Today they sit on the largest single pool of capital in the world - $3 trillion, an amount exceeding Britain's entire GDP. This money is owned by the 85 per cent of Japanese households which have a post-office account, and it has been used throughout the postwar period to build roads, dams and bridges.

But it has also been, in effect, a giant slush fund, ladled out to political backers of the ruling LDP. The post offices provided construction firms and small businesses with non-collateral loans, brokered by men such as Mr Tokuoka, who in return harvested millions of votes for the LDP around the country.

For better or worse, this was one of the bedrocks of Japan's economic miracle, a core element of the country's "welfare capitalism", with roots so deep that the former policy chief of the LDP, Shizuka Kamei, one of the 37 rebels, calls it part of the country's "DNA".

For the reformers, led by Mr Koizumi, that DNA has been deformed by inefficiencies and corruption. One of Mr Koizumi's advisers recently called the vast pool of money a "cancer eating away at Japan's economic vitality".

Mr Koizumi will find few backers for such views in Hanbara. "We are totally opposed to privatisation," says Mr Tokuoka. "It may work elsewhere, but here it will destroy a culture of mutual help built up over years."

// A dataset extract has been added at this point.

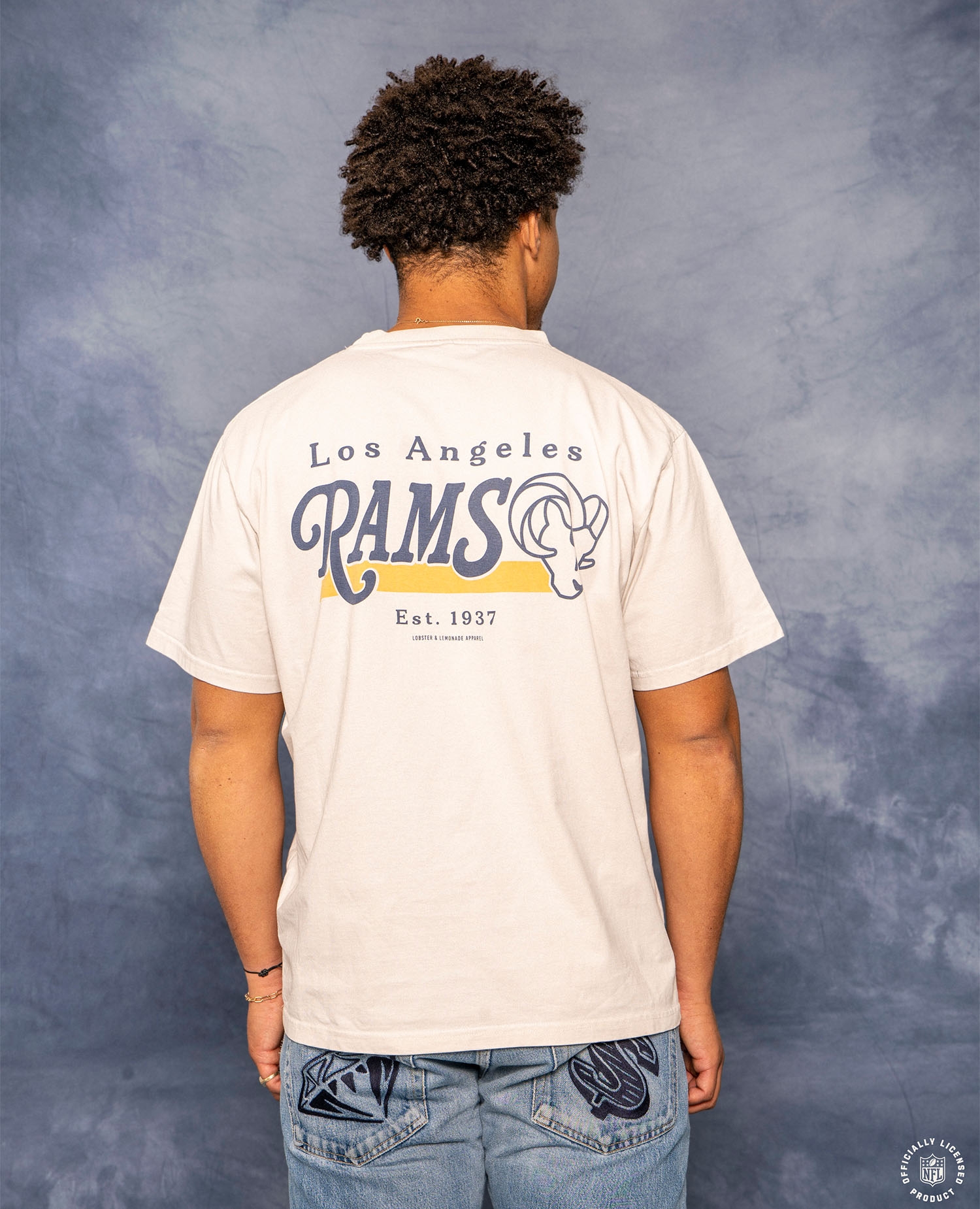 Show your team pride with the Lobster & Lemonade NFL Classics '89 Band T-Shirt of your Los Angeles Rams. This tee combines vintage sports vibes with modern streetwear style and stands out with its boxy cut, washed-out retro look, and premium quality - a must-have for LA fans who want authentic NFL fashion.

Nobody will say it out straight, but there is a feeling here of betrayal, a sense that the prime minister is intent on importing a US-inspired Darwinian capitalism which is somehow alien, un-Japanese.

Inside country post offices like the one in Hanbara time seems to have stood still.

Customers and staff treat each other with an old-world courtesy, bowing exaggeratedly beneath a grim black-and-white portrait of Hisoka Maejima, who founded Japan Post in 1887.

The branches pay virtually zero interest on deposits and the staff have jobs for life. Mr Tokuoka, like 19,000 other postmasters, inherited the job from his father, who inherited it from his.

In return, they perform tasks unthinkable in other parts of the world: hand-delivering pensions to bedridden customers, providing small loans and constantly feeling the pulse of tiny communities like this one.

"What will happen to us if privatisation goes ahead?" asks Mr Tokuoka. "They may close us down if we don't make a profit. That will cause terrible problems to the people around here who cannot travel. I can never accept this plan."